SIX hundred and ninetyeight people have been charged under the provisions of the current state of emergency (SoE).
This according to Homeland Security Minis ter Roger Alexander during the debate to extend the SoE for a further three months in Parliament on Wednesday.
He presented statistics outlining the achievements since the implementation of the SoE, in response to Opposition members’ questions about what had been accomplished.
He noted there were 7,174 police-led operations; 3,211 persons arrested; 698 persons charged (as of Wednesday); 465 PDOs (preventive detention orders) approved; and 184 firearms removed from the nation’s streets.
The minister also defended the use of PDOs during the SoE.
‘That order is an executive or administrative directive that authorises the arrest, the confinement of an individual without a formal trial or conviction based on a belief that a person would be detained, or detaining that person is necessary to protect public safety or to prevent an imminent crime,’ Alexander said. He emphasised: ‘So it’s not like every time you’re going to get charged…. One of the duties of a police officer is to prevent crime, and that is exactly what is happening here. You’re preventing something from happening before it happens.’

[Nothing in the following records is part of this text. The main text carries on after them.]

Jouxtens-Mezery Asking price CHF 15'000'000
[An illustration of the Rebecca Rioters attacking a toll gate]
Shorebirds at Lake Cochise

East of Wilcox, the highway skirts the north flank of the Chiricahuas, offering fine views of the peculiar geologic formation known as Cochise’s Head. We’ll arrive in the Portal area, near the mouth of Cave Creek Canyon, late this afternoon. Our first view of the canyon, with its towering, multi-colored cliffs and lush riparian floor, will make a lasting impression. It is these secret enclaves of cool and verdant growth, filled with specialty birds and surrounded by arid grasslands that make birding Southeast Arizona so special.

He also addressed the reasons for implementing the SoE, saying the decision was based on intelligence reports from the Trinidad and Tobago Police Service, Defence Force, National Operations Centre, as well as intelligence gathered from local and foreign agencies.

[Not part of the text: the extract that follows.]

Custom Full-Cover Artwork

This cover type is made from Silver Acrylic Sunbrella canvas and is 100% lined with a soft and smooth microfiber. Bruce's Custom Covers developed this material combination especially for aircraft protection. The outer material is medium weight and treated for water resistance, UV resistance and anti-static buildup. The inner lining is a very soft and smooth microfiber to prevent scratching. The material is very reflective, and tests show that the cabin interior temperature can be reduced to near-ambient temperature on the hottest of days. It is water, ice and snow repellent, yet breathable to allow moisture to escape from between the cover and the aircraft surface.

‘So, Trinidad on their own, Mr Speaker, with the infiltration that we had, did not look at what we alone knew, but what others were telling us,’ he added.

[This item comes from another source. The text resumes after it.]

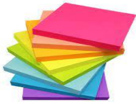
Sticky Notes/ Post-it Notes
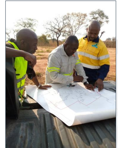
IPM Site visit August 2021

Alexander criticised the former People’s National Movement (PNM) administration, saying he inherited a Ministry of Homeland Security in a state of national crisis.
Despite this, he said ‘the persons on the other side want us to address all the issues in one year, that they had for ten years, and they poisoned the system.
‘Sometimes I am looking at their behaviour, and I’m seeing the support for the criminal element, overwhelming support for the criminal element. Mr Speaker, murder, gang-related offences, illegal firearms.’
Alexander continued: ‘How did illegal firearms enter our country? Because some persons left the border exposed until now. We have Spanish nationals unregistered, persons from Cuba unregistered, persons from El Salvador unregistered, Mexico unregistered, because we failed to secure our borders. And they are asking now all these questions about firearms and what is happening.’
He warned: ‘This Government doesn’t intend, on no occasion, to allow the criminal elements to run free.’